Of course I knew part of the public reputation of Wolfskehl, that will be known to many literate New Zealanders. He was the eminent German-Jewish poet who, fleeing Nazi persecution, settled in New Zealand in 1938 and remained here until his death in 1948, not long before his 80th birthday. Like another exile, the Austrian philosopher Karl Popper, he represented European high culture in a New Zealand that was starved of such influences; and he connected with many local literary figures of the time. When I was much younger, I knew two of these figures, as I will note later in this review.

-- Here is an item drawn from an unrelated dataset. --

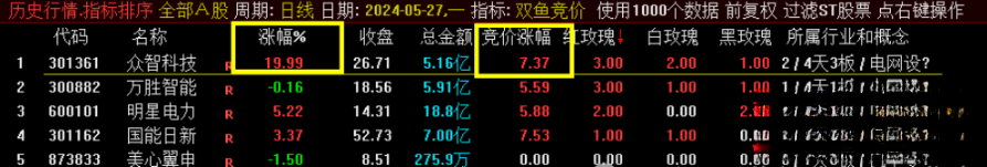 (【双鱼竞价】最新2024排序选股竞价系统指标 红玫瑰、白玫瑰和黑玫瑰,把主板,创业板预判涨停一网打尽)
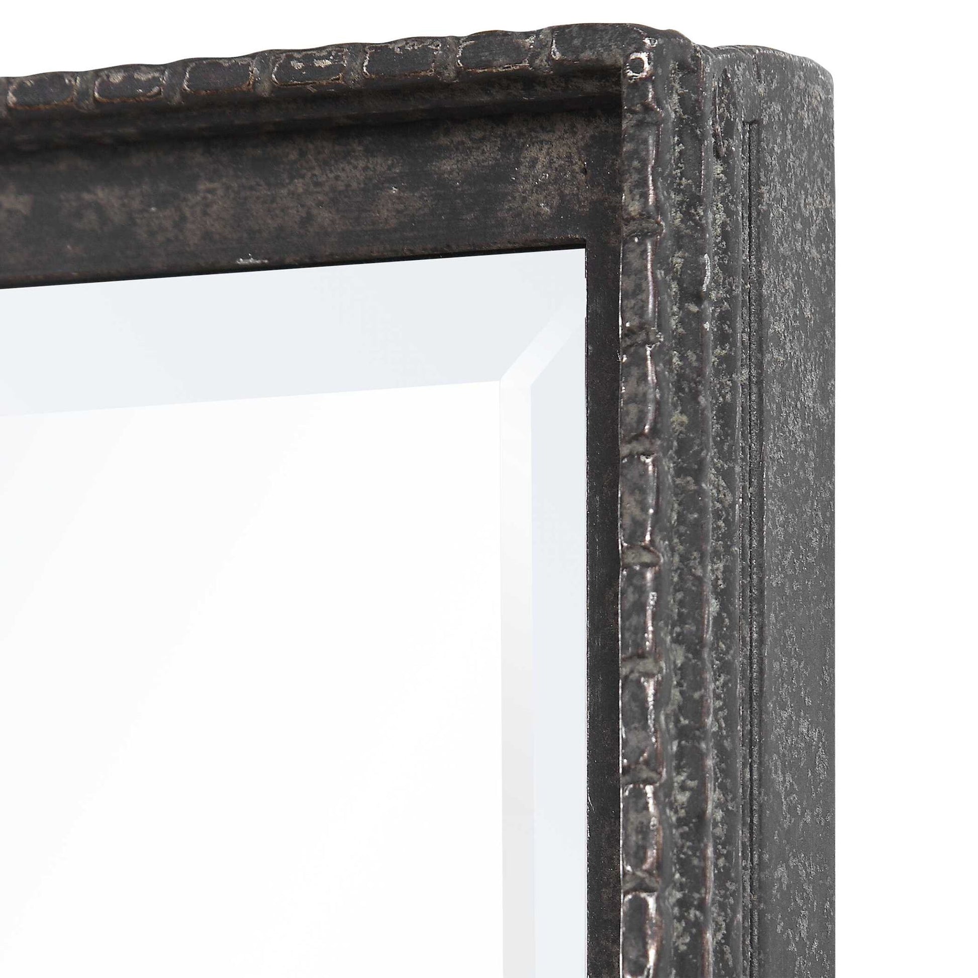 This Simple Vanity Mirror Features An Iron Construction With Detailed Edges. The Slight Profile Frame Is Finished In A Distressed Rustic Black With Aged Champagne Highlights. May Be Hung Horizontal Or Vertical.

Friedrich Voit, Associate-Professor of German at the University of Auckland, and co-translator (into English) of works by Wolfskehl, has written a biography which deliberately focuses on Wolfskehl’s years of exile from his native (south) Germany. Wolfskehl was born in 1869. His forebears had lived in Germany for centuries and, while they were proud of their Jewish heritage, they regarded themselves as completely assimilated. Wolfskehl had a respectful attitude to the Christian religion, but ultimately adhered to the Torah and regarded Jesus as a fellow Jew, not as a messiah. He was sympathetic to Zionism, but he never fully embraced it and, though ployglot, he did not know the Hebrew language. He did, however, take great interest in German-Jewish poets of earlier centuries, and was involved in translations of their work.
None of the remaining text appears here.